What works for some, however, does not work for all, and Weintraub’s team soon identified ‘refractory’ cell types, that despite coaxing, stubbornly refused to switch fates. Weintraub postulated that transitions between cell types with a similar developmental origin would be easiest because they would require shorter journeys across the developmental landscape. The ease with which blood cells could be persuaded to switch lineages in experiments the following decade seemed to confirm this.

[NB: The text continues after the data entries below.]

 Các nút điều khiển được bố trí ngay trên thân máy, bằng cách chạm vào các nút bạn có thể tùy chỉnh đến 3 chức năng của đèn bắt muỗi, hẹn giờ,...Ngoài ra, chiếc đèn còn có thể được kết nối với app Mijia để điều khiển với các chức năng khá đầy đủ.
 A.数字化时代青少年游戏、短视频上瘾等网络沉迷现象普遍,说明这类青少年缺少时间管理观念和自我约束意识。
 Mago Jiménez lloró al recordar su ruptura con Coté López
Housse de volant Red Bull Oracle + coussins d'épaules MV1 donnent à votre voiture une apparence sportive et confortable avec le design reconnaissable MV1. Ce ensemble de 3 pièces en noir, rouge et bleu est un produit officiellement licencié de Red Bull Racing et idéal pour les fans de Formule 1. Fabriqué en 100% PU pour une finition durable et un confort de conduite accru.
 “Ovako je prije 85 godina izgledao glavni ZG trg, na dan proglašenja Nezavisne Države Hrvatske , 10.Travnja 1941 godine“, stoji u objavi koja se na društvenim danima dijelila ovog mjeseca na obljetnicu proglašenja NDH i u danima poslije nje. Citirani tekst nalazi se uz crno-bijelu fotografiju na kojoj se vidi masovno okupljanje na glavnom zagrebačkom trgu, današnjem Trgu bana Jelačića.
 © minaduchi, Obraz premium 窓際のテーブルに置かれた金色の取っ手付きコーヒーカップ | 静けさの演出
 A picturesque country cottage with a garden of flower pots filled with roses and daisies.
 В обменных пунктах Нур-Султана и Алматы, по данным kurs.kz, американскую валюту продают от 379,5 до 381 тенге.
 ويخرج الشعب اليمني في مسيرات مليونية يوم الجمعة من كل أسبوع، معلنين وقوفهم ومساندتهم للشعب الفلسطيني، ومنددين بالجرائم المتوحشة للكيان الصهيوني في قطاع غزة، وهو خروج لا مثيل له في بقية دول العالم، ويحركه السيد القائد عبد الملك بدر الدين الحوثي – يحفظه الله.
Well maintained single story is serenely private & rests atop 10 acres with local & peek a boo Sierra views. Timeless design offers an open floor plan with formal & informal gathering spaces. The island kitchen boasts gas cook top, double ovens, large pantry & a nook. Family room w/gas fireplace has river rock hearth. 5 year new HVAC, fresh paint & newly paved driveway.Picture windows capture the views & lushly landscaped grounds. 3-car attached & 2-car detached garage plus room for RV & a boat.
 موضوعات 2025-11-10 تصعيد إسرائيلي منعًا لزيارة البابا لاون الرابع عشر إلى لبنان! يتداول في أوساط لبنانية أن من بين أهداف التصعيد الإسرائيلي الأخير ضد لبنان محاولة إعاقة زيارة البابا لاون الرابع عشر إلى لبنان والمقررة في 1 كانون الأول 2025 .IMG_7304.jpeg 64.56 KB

Expanding the Repertoire of Transdifferentiation
Then came a quantum leap in 2010: Vierbuchen turned fibroblasts into neurons and in doing so transversed the barrier of embryonic germ layer, from mesoderm to ectoderm. A wide variety of cell types have now been made from fibroblasts, which are chosen as a starting point because they are easy to obtain and culture. These include hepatocytes (endoderm), cardiomyocytes (mesoderm), macrophages (mesoderm), smooth muscle cells, and recently pancreatic islet cells (endoderm).
All of these cell types can be generated by the forced expression of a cocktail of transcription factors, by tinkering with miRNA, or a combination of both. This has raised the possibility that just about any cell type can be created in a dish. All you need are the right ingredients.

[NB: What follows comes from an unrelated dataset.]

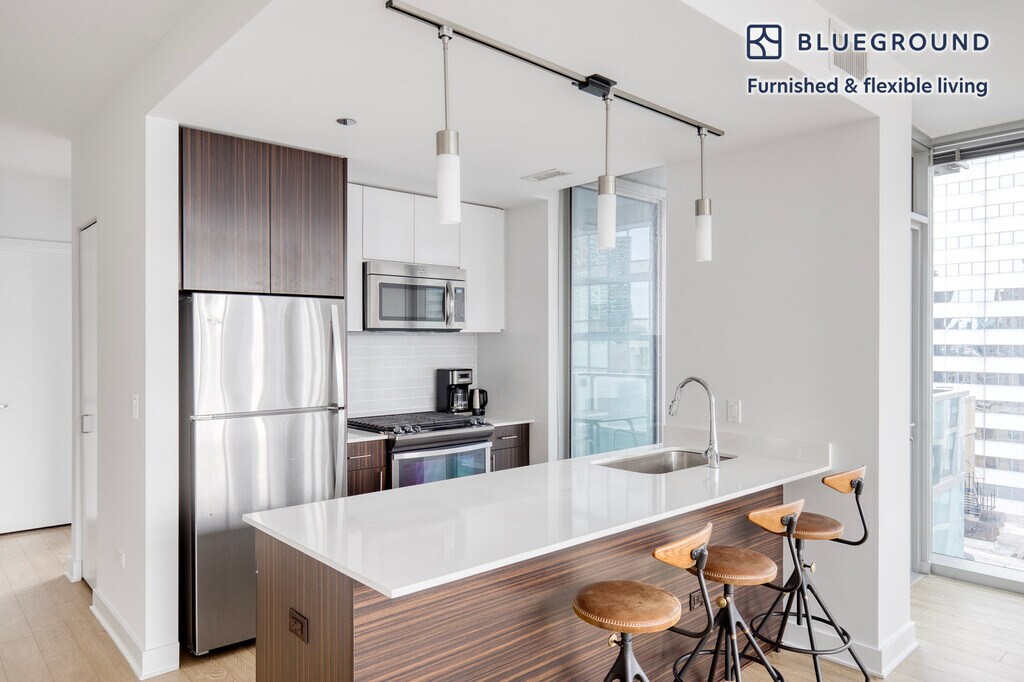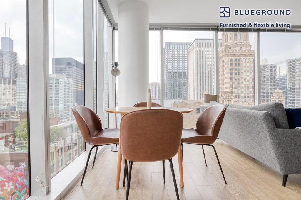 Show up and start living from day one in Chicago with this stylish two bedroom Blueground apartment. You’ll love coming home to this thoughtfully furnished, beautifully designed, and fully equipped The Loop home with stunning balcony views over the city. (ID #CHI960) The advertised rate of $2,690/month is the lowest available price, based on a 1 month(s) and 25 day(s) stay with a move-in date of January 25, 2026. If you’re looking for a 1-year stay, the rate is $4,580/month. Rates vary depending on the duration of stay, season, and other parameters. For exact pricing and additional pricing components, please visit our website and enter your desired move-in and move-out dates. The rate is applicable when billed upfront; it can be higher if billed in multiple payments. Brokers are welcome to reach out. Were you looking for an unfurnished lease? Try Blueground instead and upgrade from unfurnished to furnished living: - Furnished at rates comparable to unfurnished - No setup or furniture costs - save thousands - Move-in ready - save time, just bring your suitcase Designed with you in mind Thoughtfully designed with bespoke finishes, modern furnishings, and a fully equipped kitchen, you’ll enjoy that “I’m home” feeling with this Blueground apartment. Whether you’re lounging in your cozy living room streaming the latest and greatest entertainment on the smart TV or premium wireless speaker, or getting some well-earned rest on the superior quality mattress with luxury linens, you’ll fall in love with everything this The Loop apartment has to offer. This apartment also offers in-apartment laundry. Sleeping arrangements King Bed, 70.8in/180cm Queen Bed, 63in/160cm Amenities Building amenities unique to this two bedroom apartment include an on-site: - BBQ Area - Doorman - Dryer - Elevator - Game room - Swimming pool - Washing machine - Lounge - Pets allowed Arrival and ongoing support The entire apartment is yours to enjoy! Throughout your stay, you’ll have access to our Client Experience team through the Blueground App. You can schedule additional cleanings, submit maintenance requests, and view our neighborhood recommendations with just a few taps. We’ll share all details upon confirmation of your stay. Ideally Located This furnished rental is situated in the most dynamic and convenient place to live in Chicago, The Loop. With its endless shopping, fine dining, stunning park, river and lake views, and entertainment opportunities, everything is possible at a moment’s notice. The area is a cultural getaway for professionals and students, who can combine work with pleasure. Discover landmark buildings like the Willis Tower and The Art Institute of Chicago. Millenium Park, near Lake Michigan, is always worth a visit. The Loop is within reach of accessible transportation, offering non-stop public transit, buses, and taxis. Union Station is approximately a 10 minute train ride. Other things to note Building amenities may have an extra cost. This Blueground apartment has flexible lease options, allowing you to book it for one month, a year, or more. Pets are welcome, though weight limits and breed restrictions apply and may incur fees. We take great pride in ensuring every photo displayed is shot in our own units with our actual furnishings. That said, we regularly refresh our decor and furniture arrangement, which may differ from what’s pictured. Also note - This apartment's central location means it can be noisy at times - This apartment is located near a railway, so expect to hear moderate noise when trains pass - The apartment is in a busy location, so it will be noisy when your windows are open [SI]

Direct Reprogramming vs. Induced Pluripotent Stem Cells
The ultimate aim of these attempts at cellular alchemy is to create new functioning tissue for cell replacement therapy. So far, no trial in humans has used transdifferentiated cells, and iPSCs, which made it into the clinic for the first time last year, have certainly had a head start. Nonetheless, these transcriptionally-rewired cells have several potential advantages over iPSCs. For starters, direct reprogramming can occur without cell division so there is less risk of mutation. This also makes the process a lot faster and reduces the risk of teratoma formation.
Manipulating Cell Fate in vivo
Perhaps the biggest advantage that direct programming offers over iPSCs is the ability to make reprogrammed cells directly inside a living organism. One group recently tried to create iPSCs in vivo using a doc-inducible system to turn on the expression of classical Yamanaka reprogramming factors in mouse tissues. The mice developed crippling teratomas in multiple organs and were completely wiped out; yet, several studies have reported safe and efficient transdifferentiation in vivo.

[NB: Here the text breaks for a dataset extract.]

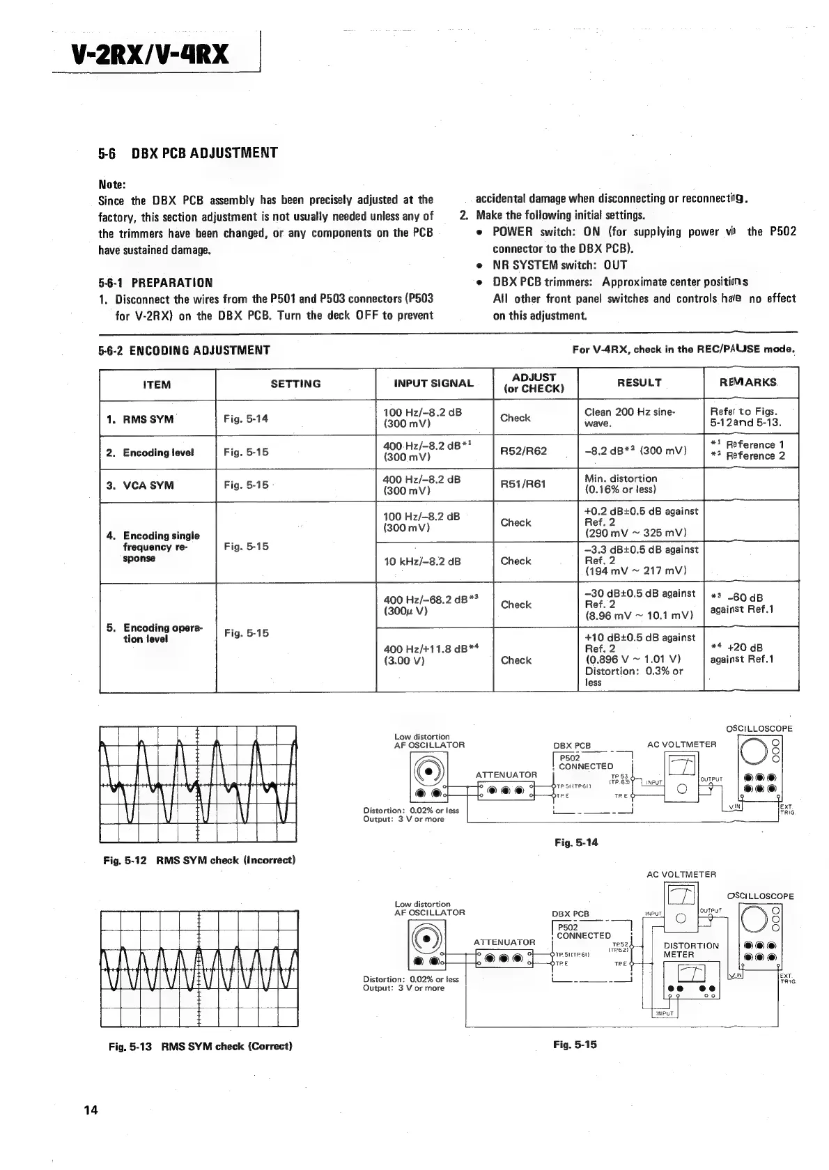 Teac V-2RX - DBX PCB Adjustment; DBX PCB Adjustment Preparation; DBX Encoding Adjustment Procedures

Zhou and colleagues injected a cocktail of reprogramming factors directly into the pancreas of mice and converted exocrine cells into insulin-producing β-cells with an efficiency of 20%. Using a similar strategy, other studies have converted cardiac fibroblasts into cardiomyocytes and astrocytes into neurons in vivo. One (of the many) remaining problems is the successful integration of these cells into resident tissues. In Zhou’s case, most of the induced β-cells remained scattered and did not contribute to existing islets, which probably explained their limited capacity to restore glucose homeostasis. Nonetheless, these experiments provide proof-of-concept that cells resident within living organisms can be instructed to stop what they are doing and undergo a radical makeover.
The alchemists never succeeded in making gold. But in just a few decades, scientists have managed to convert the humble fibroblast into functioning heart and nerve cells, the 21st century equivalent of turning water into wine. We will be watching closely to see what miraculous transformations the next few years have in store.